Some are near the Israel-West Bank border, and could perhaps be incorporated into Israel as part of a peace settlement that includes slight border changes.

But others greatly complicate any effort to draw a border. Ariel, which grew from a cluster of canvas tents and trailers to a sprawling town of 18,000, is deep in the northern West Bank.

The second-largest town in the West Bank, Ariel boasts tree-lined boulevards and a college of 8,000 students. There's a 100-room hotel, seven schools, a sports complex, a cultural center, a library, an industrial park that provides 6,000 jobs, a science park complete with nuclear accelerator, shopping centers and a retirement village. A 580-seat performing arts center is going up.

There are many draws: a new highway cuts the 30-mile commute to Tel Aviv to a half hour. Cheaper, government-subsidized housing means a two-bedroom apartment costs just $70,000. The Education Ministry has declared Ariel's schools the best in Israel.

At Ariel's local government offices, one can get a passport or a driver's license.

"There was nothing here," said Mayor Ron Nachman, who set up tents on the desert hill 25 years ago. "Only donkeys climbed these mountains, and we built a city."
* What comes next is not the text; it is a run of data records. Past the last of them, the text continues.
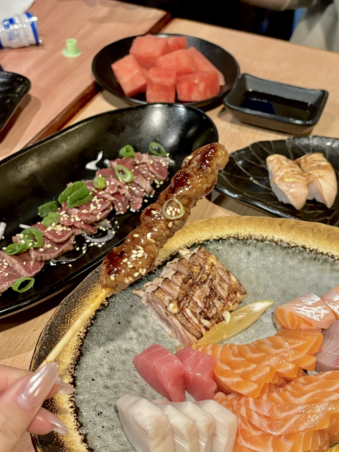 小食:特别推荐牛肉串,有一口爆汁的感觉!我也喜欢里面的寿喜烧牛肉,beef tataki都很值得尝一尝🍖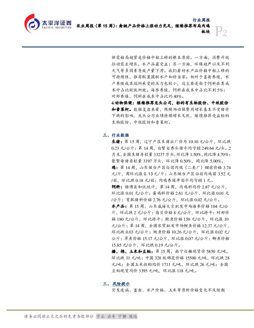 太平洋证券:农业周报(第15 周):禽链产品价格上涨动力充足,继续推荐布局肉鸡板块.pdf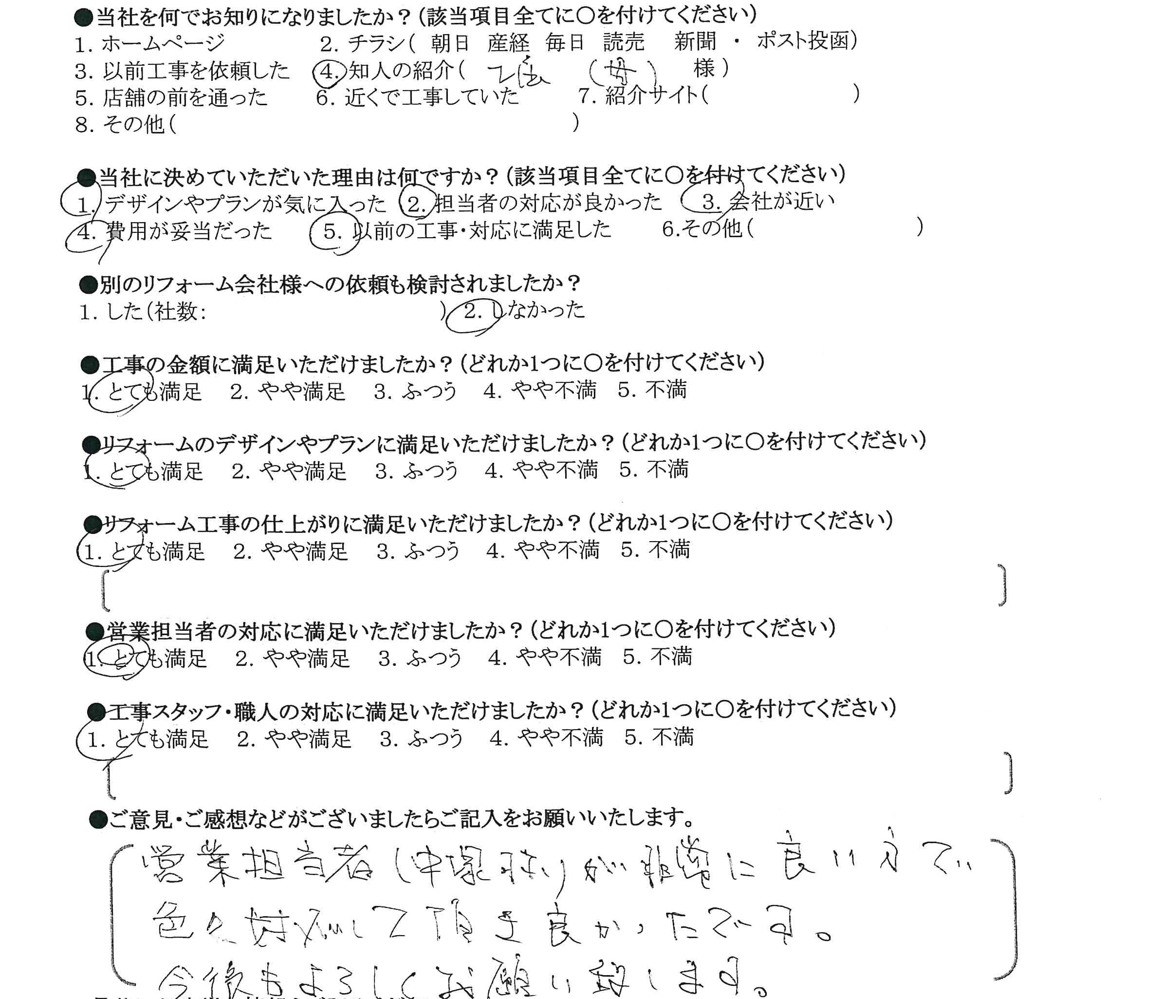 費用が妥当だった。以前の工事・対応に満足した。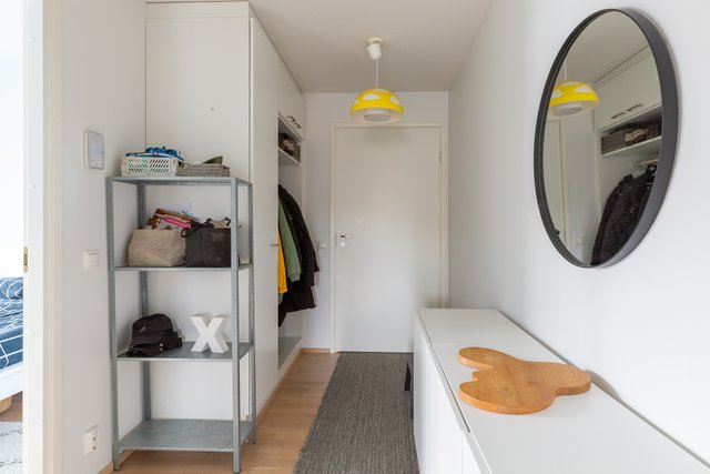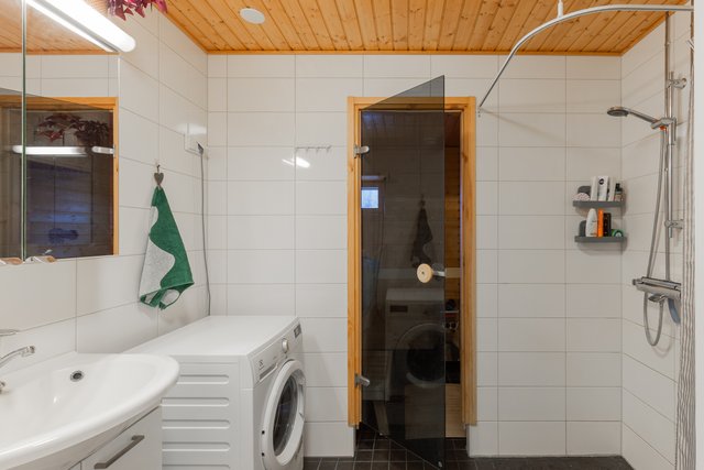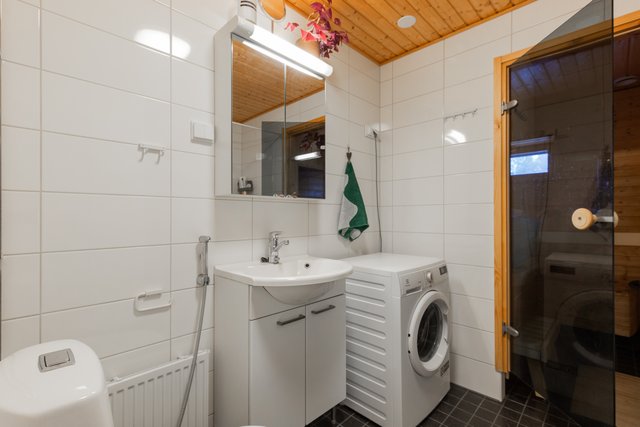 - WC-istuin, suihku, pesukoneliitäntä, lattialämmitys, peilikaappi, pesuallas, allaskaappi, ja bidee-suihku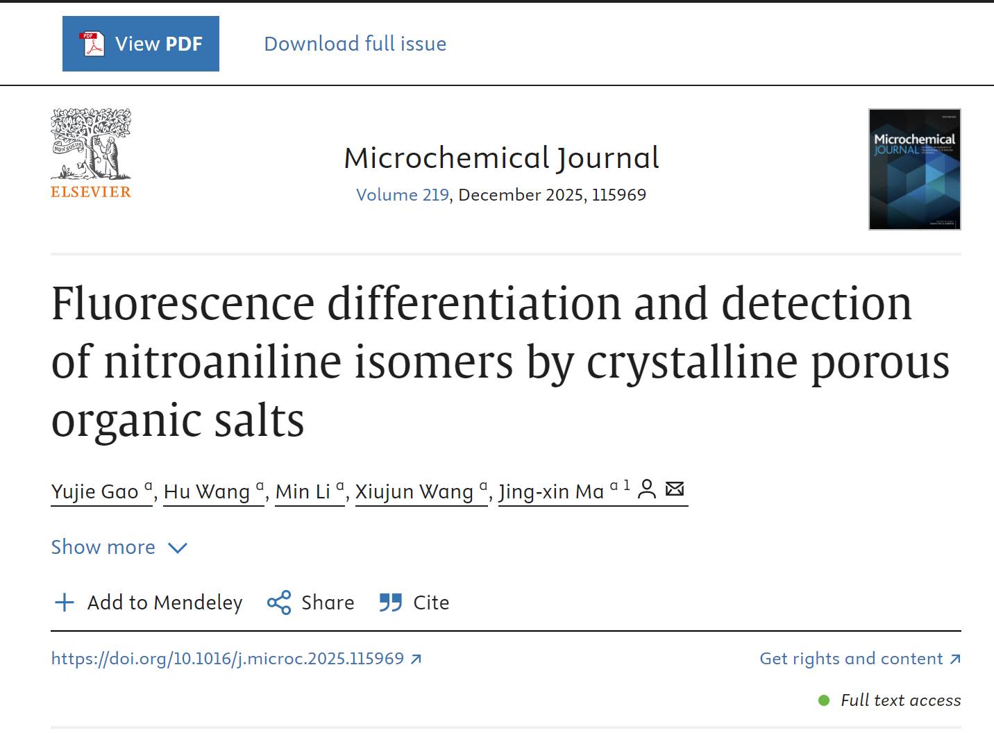 2021级本科生高玉婕(已保研至华中科技大学)在国际著名学术期刊《Microchemical Journal》(中科院二区;IF:5.1)发表题为“Fluorescence differentiation and detection of nitroaniline isomersby crystalline porous organic salts”的研究论文,指导教师马景新副教授为唯一通讯联系人。

Now, he said, "No one can move us, no one. And they (the Palestinians) know it."

Further east, 160 families live in Shilo, alongside the main highway connecting the Palestinian cities of Nablus, Ramallah, Bethlehem and Hebron.

Many Shilo residents are motivated by a religious attachment to the biblical land: it is built near what is believed to be the site of the Tabernacle, a Jewish temple that housed the Ark of the Covenant more than 3,000 years ago.

Ruth Cropp, 56, an observant Jew who has lived in Shilo with her husband, Peter, for 11 years, says she cannot leave a place of such spiritual significance.

"If they take that away from us, they'll destroy us," she said.